─── Data

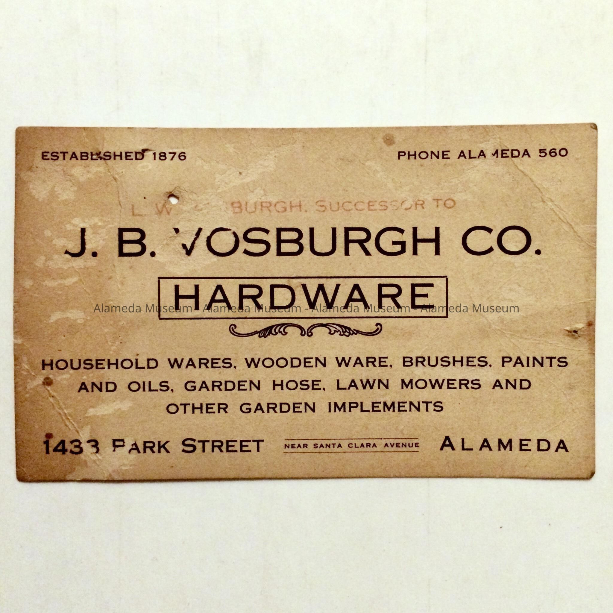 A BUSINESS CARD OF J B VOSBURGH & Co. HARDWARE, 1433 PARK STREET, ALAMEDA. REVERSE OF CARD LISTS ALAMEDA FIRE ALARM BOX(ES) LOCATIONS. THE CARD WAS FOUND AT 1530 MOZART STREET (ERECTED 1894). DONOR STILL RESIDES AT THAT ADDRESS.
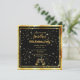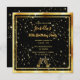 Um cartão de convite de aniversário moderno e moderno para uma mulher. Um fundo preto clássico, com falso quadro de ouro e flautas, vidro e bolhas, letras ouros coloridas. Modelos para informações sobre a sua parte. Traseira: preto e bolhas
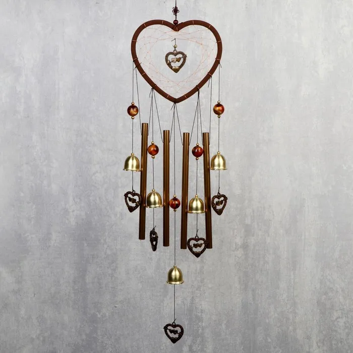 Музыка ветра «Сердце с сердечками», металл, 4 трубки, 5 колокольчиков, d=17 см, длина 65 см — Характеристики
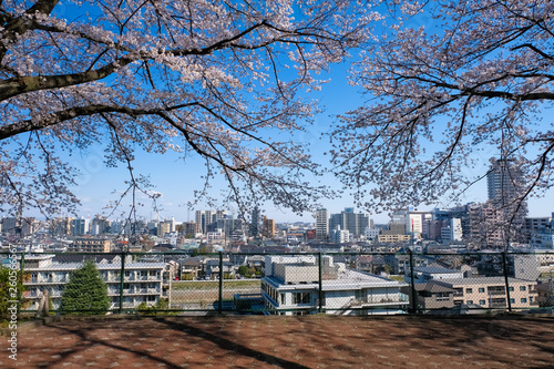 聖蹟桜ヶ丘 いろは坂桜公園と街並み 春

──────

* **Problem to work on**:
From the listing, extract all text exactly as given and drop any picture.

* **Task result**:
 A BUSINESS CARD OF J B VOSBURGH & Co. HARDWARE, 1433 PARK STREET, ALAMEDA. REVERSE OF CARD LISTS ALAMEDA FIRE ALARM BOX(ES) LOCATIONS. THE CARD WAS FOUND AT 1530 MOZART STREET (ERECTED 1894). DONOR STILL RESIDES AT THAT ADDRESS.
 Um cartão de convite de aniversário moderno e moderno para uma mulher. Um fundo preto clássico, com falso quadro de ouro e flautas, vidro e bolhas, letras ouros coloridas. Modelos para informações sobre a sua parte. Traseira: preto e bolhas
 Музыка ветра «Сердце с сердечками», металл, 4 трубки, 5 колокольчиков, d=17 см, длина 65 см — Характеристики
 聖蹟桜ヶ丘 いろは坂桜公園と街並み 春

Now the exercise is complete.